Data below →
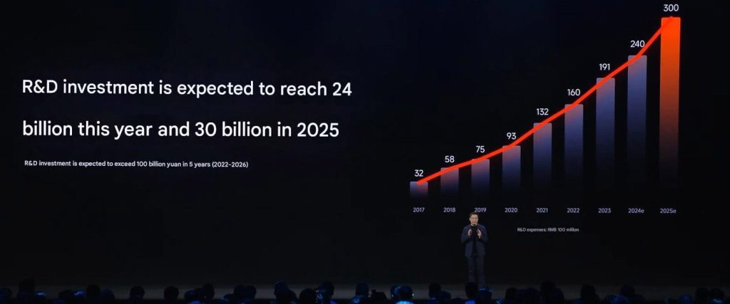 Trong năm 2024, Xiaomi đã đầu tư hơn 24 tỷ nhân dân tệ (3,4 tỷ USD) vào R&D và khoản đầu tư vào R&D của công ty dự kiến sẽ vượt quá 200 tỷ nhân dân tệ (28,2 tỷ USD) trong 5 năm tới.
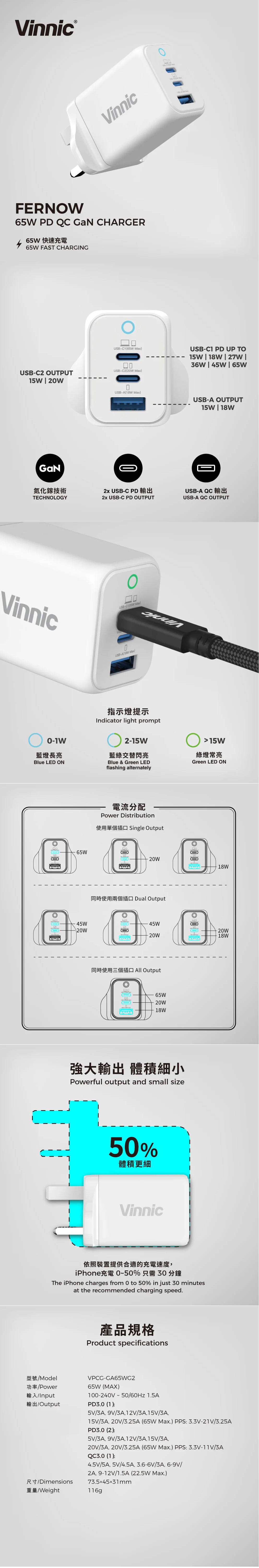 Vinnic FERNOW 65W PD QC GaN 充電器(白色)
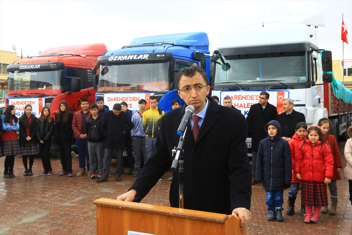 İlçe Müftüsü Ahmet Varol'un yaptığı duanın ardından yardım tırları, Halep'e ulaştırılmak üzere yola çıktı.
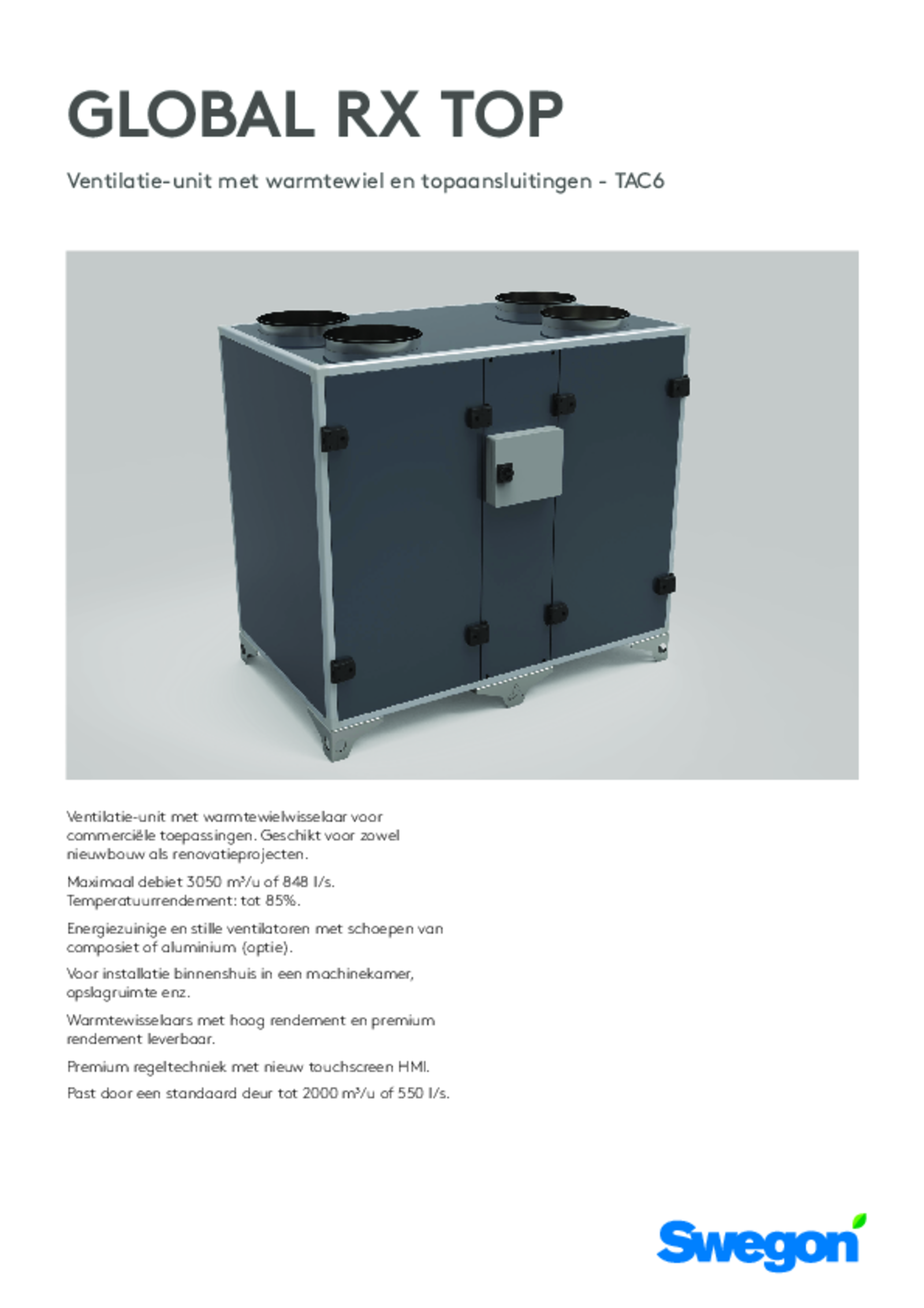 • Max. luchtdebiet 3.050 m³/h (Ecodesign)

Activity →
Exactly the lines from the one with "Vinnic FERNOW 65W PD QC GaN 充電器(白色)" through the end of the listing above are to be repeated, with no pictures.

Exercise solution →
 Vinnic FERNOW 65W PD QC GaN 充電器(白色)
 İlçe Müftüsü Ahmet Varol'un yaptığı duanın ardından yardım tırları, Halep'e ulaştırılmak üzere yola çıktı.
 • Max. luchtdebiet 3.050 m³/h (Ecodesign)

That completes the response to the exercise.